His deposition was displeasing to Oyo authorities and Ibadan rulers who had come to regard Lagunju as one of the greatest statesmen and nationalists of the age. He was well known and respected by the Ibadan leaders. He had contributed to all Ibadan war efforts since the 1850s and had participated actively in the peace process. To the new Ibadan leaders, Lagunju was also a contemporary and friend of their fathers. For these reasons the Ibadan leaders felt that the deposed Lagunju should be restored to the throne of his ancestors. These leaders included Balogun Ajayi Osungbekun, Maye Osuntoki, Abese Kongi, son of Basorun Ogunmola, and Sunmonu Apampa. As the Ekitiparapo war was coming to a conclusive end and camps were being broken up, the Ibadan leaders still planned to spend about two days in Ede to reconcile Lagunju and the people in the town but the colonial government aborted this. Johnson states:

The Ibadans had wanted to stop a day or two at Ede to compose the difference between the people and the Timi Lagunju, who had been deposed by them but they were hurried homewards so that they could not do so. Thus, ended the sixteen years war.... The lbadan army arrived behind their town wall on the 22nd March 1893.

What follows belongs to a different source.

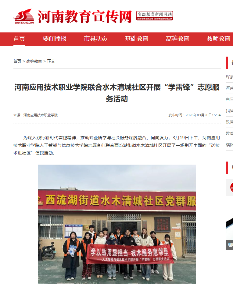 为深入践行新时代雷锋精神,推动专业所学与社会服务深度融合、同向发力,3月19日下午,河南应用技术职业学院人工智能与信息技术学院志愿者们联合西流湖街道水木清城社区开展了一场别开生面的“送技术进社区”便民活动。

With his deposition, Lagunju came to accept his fate as an exile in Ibadan and he lived as a guest of Sunmonu Apampa, the post-1893 Asipa of Ibadan. Successive Baales of Ibadan between 1893 and 1900: Fijabi, Osuntoki and Fajinmi were very kind and nice to him. Similarly, the Balogun of the period, Akintola, accorded him immense respect. However, in spite of the good treatment and respect accorded him by the Ibadan leaders, Lagunju still carried the prayers for his reinstatement to the Alaafin of Oyo, Adeyemi, his suzerain around 1894 or early 1895. Alaafin Adeyemi I was quite sympathetic to Lagunju and subsequently took up the matter with Captain Bower but without success. In fact, Adeyemi I clashed with Bower over the Lagunju case as Samuel Johnson testifies: Then came the clash with Oyo over the case of Lagunju the ex-Timi of Ede, who appealed to his Suzerian to exert his good offices to restore him to his posts.
And again with the humiliation of lbadan leaders in 1894 and the military bombardment of Oyo in 1895, Lagunju came to accept that he had finally lost the battle for his reinstatement and a new era had dawned. Lagunju died in 1900. With his death, the Ede Muslims had lost a friend, a helper, a sympathiser, a leader and a Mujaddid.